Q331 and the resistor are part of the overcurrent protection and trip the relay under high current conditions such as shorted speaker leads etc. Nothing there will impact the the main amp as such although a fault in the overcurrent part may stop the relay pulling in.
I meant to send that last night, something I stumbled across while inspecting the amp. Funny thing is with the resistor removed the relay engages. Im sure the original resistor i pulled had been there since the original accident occured
I would worry about the protection circuit once the amp is up and running. You can leave Q331 out for now and provided the DC offset is low on both channels then the relay should engage.
OK, so attach the black lead at the junction of the .22 ohm resistors and then check each base/emitter voltage of all the transistors in that circuit?

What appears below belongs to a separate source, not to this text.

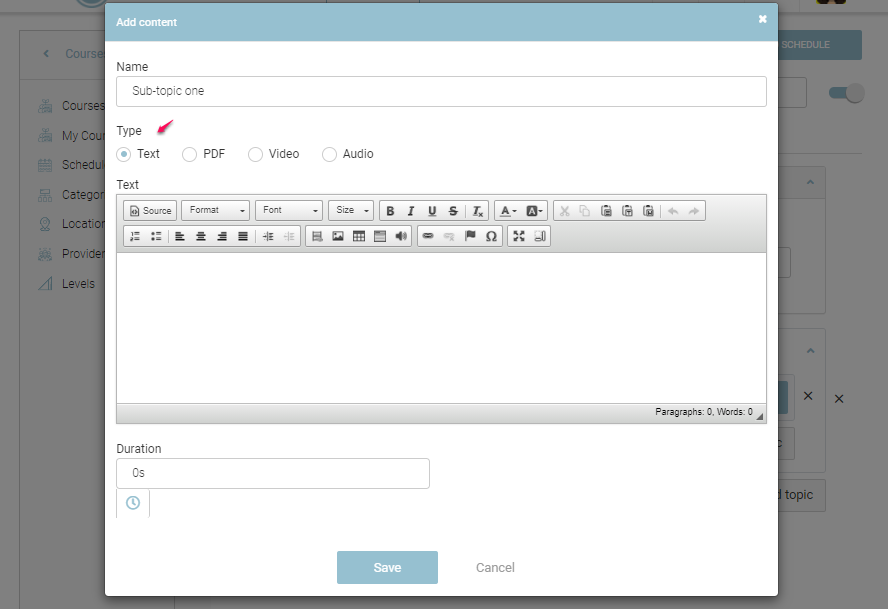 The Add content dialog will be displayed. By default, the sub-topic name will be displayed and the content type will be selected as Text.

You are just working back with the measurements. Just reconfirm you still have the 6.5 volts or so across Q311 and then do the other measurements as outlined. Each circled measurement should only increase by around 0.6v. Any issue should stand out a mile.
This is a quick simulation of the amp.
The voltage across Q311 is 3.7 volts. Its important you measure across the transistor and you recorded 6.5 volts. The 1.8 and -1.9 are what is seen measuring from ground but I want you to measure across the transistor. In this example you would measure 1.8v+1.9v giving a total of 3.7 volts across the transistor.
More than that, each base/emitter junction drops approx 0.6 volts. Measuring from the junction of the resistors takes any DC offset out of the equation.
This is a quick simulation of the amp.
The voltage across Q311 is 3.7 volts. Its important you measure across the transistor and you recorded 6.5 volts. The 1.8 and -1.9 are what is seen measuring from ground but I want you to measure across the transistor. In this example you would measure 1.8v+1.9v giving a total of 3.7 volts across the transistor.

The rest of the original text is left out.